Legos and the Gestalt Adult

Eric and I were both huge fans of Legos when we were little. Eric made complicated RVs and I made cars for Teddy...mostly because I gave up on ever understanding how to make a house that was more than one level without having a balcony instead of a full second floor.  It's a fact that everyone who played with Legos had their pet projects that kept being remade bigger, better, and stronger each time. Honestly, what fun would Legos be if you couldn't break down masterpieces (and not-so-masterful pieces) and then make something newer and better?  How can you rebuild anything without first breaking it down to the pieces?

We are who we are today because after every hurt, failure, and flop in our pasts, we were reduced to pieces and forced to rebuild. When you have everything in pieces, you can combine the good and the bad into new, stronger forms. If I hadn't had my heart broken many times and had to keep coming back together with new knowledge of what to do or not to do, I never would have gotten to the point when I was ready to meet Eric. I would have simply told him I had already met my lifetime engineer quota and to move along. The experience that we gain through much effort and anguish is what makes us so wise and capable - and greater than simply a sum of our pieces. 

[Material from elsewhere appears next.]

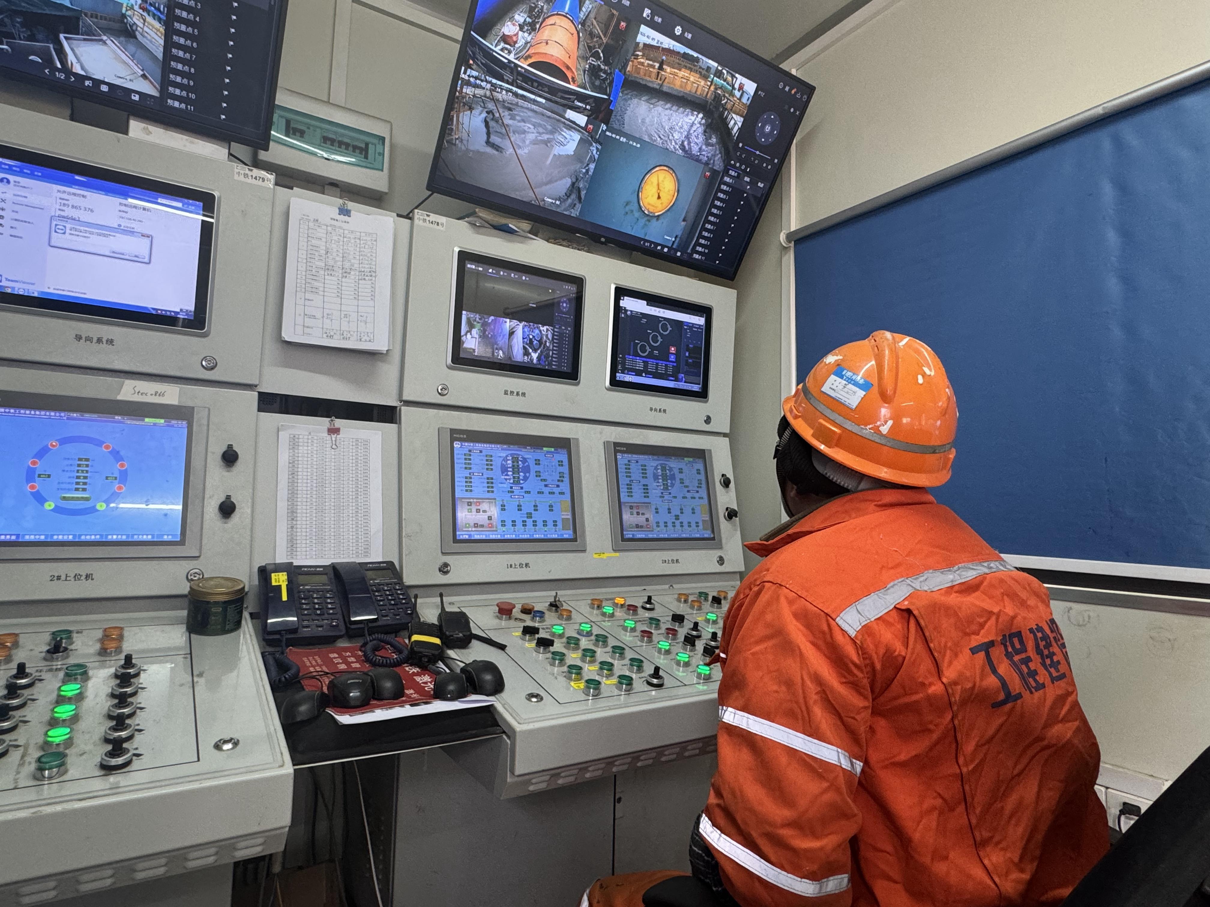 地面监控室内,两台控制台并排放置,屏幕上实时显示顶管机的行进距离、推进速度、油压、顶管机姿态等,这里是指挥中枢,也是“远程驾驶室”。56岁的操作工董正林坐姿笔直,目光在屏幕和按键之间来回移动。偶尔,他会轻触按钮,对顶管机进行纠偏。座位右侧,放着两支打开的滴眼液。“盯久了眼睛干,滴一下舒服点。”他说话时没转头,视线仍落在屏幕上。

When you have all of those pieces after being broken, you can recreate, reorganize, remake yourself into someone who has more wisdom and experience and a pathway forward.  The catch in this is that we have to have access to all of those pieces to be able to rebuild.  If you've left part of yourself in the hands of the person/thing/circumstance that broke you, there's no hope of fully rebuilding. When you give an outside force the power to keep you from rebuilding, how can you possibly clean up the mess? That force may be some remote possibility of a defunct relationship ever starting up again, the constant reliving of a mistake or bad experience, or even a constant physical reminder of that broken moment. Or, you may not be letting yourself have access to all of the pieces.  You have to have those pieces in front of you to even know what the possibilities for rebuilding can be.

And, when you get yourself mostly together and the moment is right, you find friends and partners who let you combine all of your pieces with all of theirs to create a bond that is hard to break when tough times come along.  Using everyone's strengths and lessons learned compliments the collection of weaknesses that the group may have.  When, someday, Eric and I finally combine our Lego collections, we'll be able to build bigger and better RVs and maybe a house with a full second (or third, fourth, fifth...) floor. After all, sometimes it's hard to let go of your pieces and be open to giving them to others - as well as accepting theirs.

I've found that the individual pieces of my past and even somewhat present can be an asset.  Knowing what you're made of and what the possibilities are with those pieces makes you a more effective compliment to those friends and family who are there with you.  For example, I've conceded that Eric has most of the logic on our team, and that he knows how to deal with things calmly and linearly.  Case in point, Eric had a nightmare the other night that he was being chased by a giant Lego Man (the guy who comes with Legos, not a man made o' Legos). Even in his sleep, he knew that he could get away from Lego Man by going upstairs because Lego Man doesn't have knees.  Without understanding what you and others can bring to the table to create a better, faster, stronger entity, no one would know how to outrun Lego Man...or how to navigate life with the benefit of the whole, rather than dealing only with the pieces.